A monomial is a single-term expression in algebra that consists of a constant, variables, or both multiplied together. It is important to recognize that a monomial does not include any addition or subtraction operators. For instance, terms like \(4x^3\), \(-y^{2}\), and \(xyz\) are all examples of monomials. They can only have whole number exponents associated with their variables.
Understanding monomials is crucial when you're dealing with expressions that will undergo operations such as exponentiation. In our exercise, the monomial \[-\left( x y^{2} z^{3} \right)\]is raised to a power. Hence, recognizing the structure of a monomial helps in efficiently applying mathematical rules, like those involved with powers, to simplify and solve algebraic expressions.

The power rule is an essential rule in algebra that simplifies the process of raising terms to a power. It states that when you raise a power to another power, you multiply the exponents.
This rule applies whether you are working with one variable or several variables within a term. Mathematically, the power rule can be expressed as: - For a single term, \((x^m)^n = x^{m \times n}\)
This means you take the exponent \(m\) and multiply it by \(n\) to get the new exponent.
In the exercise solution, the power rule is crucial when calculating each component inside the parentheses. Each base variable (such as \(x\), \(y^2\), \(z^3\)) is raised to the 8th power by multiplying the existing powers by 8:

• \(x^{1 \times 8} = x^{8}\)
• \(y^{2 \times 8} = y^{16}\)
• \(z^{3 \times 8} = z^{24}\)

Utilizing the power rule reduces complex expressions into simpler, manageable terms, making further algebraic operations more straightforward.

Handling a negative sign in mathematical expressions is straightforward yet important, especially as it can change the outcome of calculations. When a negative sign precedes an expression or a monomial, it indicates that the entire result should be negated.
In the exercise given \[-\left( x y^{2} z^{3} \right)^{8}\], the negative sign outside the parentheses means that after calculating the powers of each term, we multiply the results by \(-1\).

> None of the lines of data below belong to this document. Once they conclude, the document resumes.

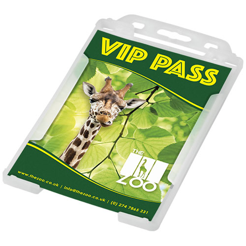 Porta badge in formato verticale prodotto in plastica riciclata. Ideale per mostre, luoghi di lavoro ed eventi di networking. Adatto per pass con dimensioni standard dei biglietti da visita e delle carte di credito. A causa della natura della plastica riciclata, le tonalità dei colori possono variare leggermente e possono essere presenti macchioline di colore. Prodotto nel Regno Unito. Pensato per lasciare un ricordo positivo del tuo brand.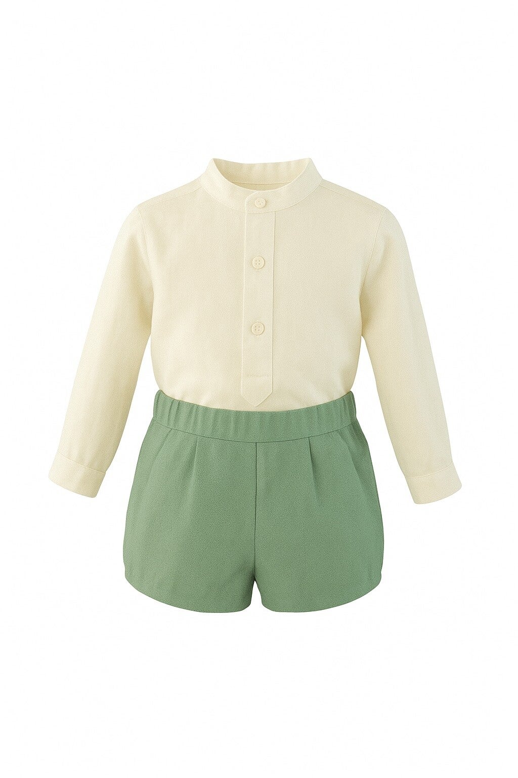 Compuesto de una camisa en tono crudo con cuello mao, pantalón corto en too verde con cintura elástica par aun ajuste cómodo y delicados pliegues que aportan un acabado pulido.
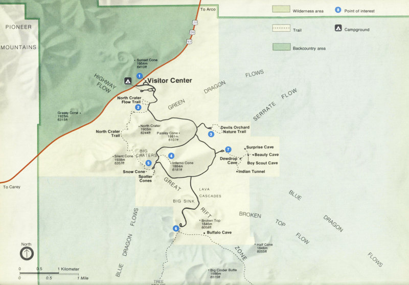 You can see most of the features for which Craters of the Moon is famous by a combined auto and foot tour along the Loop Drive. With several short walks included, you can make the drive in about two hours. Numbered stops are keyed to the map in the park folder.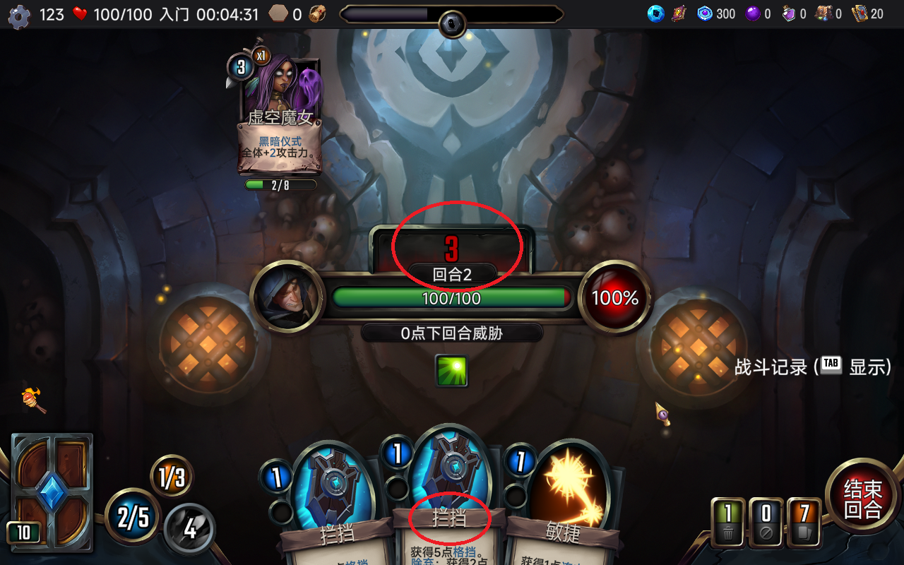 9、敌人上回合的攻击在这回合会变成威胁值,玩家需要及时使用“拦挡”,阻止敌人的伤害,如没有能量,可通过弃牌来获取相应的能量。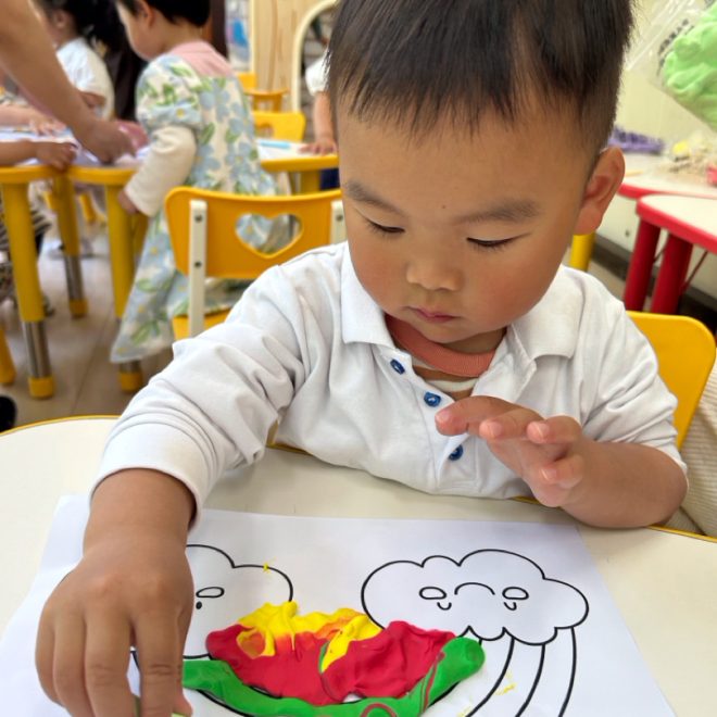 What we did today: 05/17/2024 Morning schedule: In the morning we had the morning circle time. Afterwards, they had an English class. Then they had an outdoor exploratory play and walk. Thereafter, they had a Chinese class and listened to a story. Song we sang: Hello, how are you, baby shark Daily talk: How are you?: I’m happy,I’m sad,I’m angry How is the weather today: it’s sunny it’s rainy it’s windy it’s snowy Extra vocabulary: rainbow Art and craft: Play dough rainbow Hammer game 中文:柳树姑娘(艺术) 活动主要让宝贝们认识柳树,感受柳树的特点。边欣赏音乐《柳树姑娘》,边尝试用手指去撕长长的柳条,并用胶棒粘贴在树干上,提高宝贝们的手指精细动作能力。 Afternoon schedule: Song: Baby shark Story:That’s not my dinosaur

During exponentiation, the negative sign is treated independently from the powers applied to the variables within the monomial, and it applies to the final product of the raised expression.
As outlined in the solution, after computing the powers:

• \(x^{8}\)
• \(y^{16}\)
• \(z^{24}\)

The expression is finalized by applying the negative sign: \(- x^8 y^{16} z^{24}\).This demonstrates not only the necessity of handling the negative sign correctly but also its capacity to affect the overall sign of the expression's product.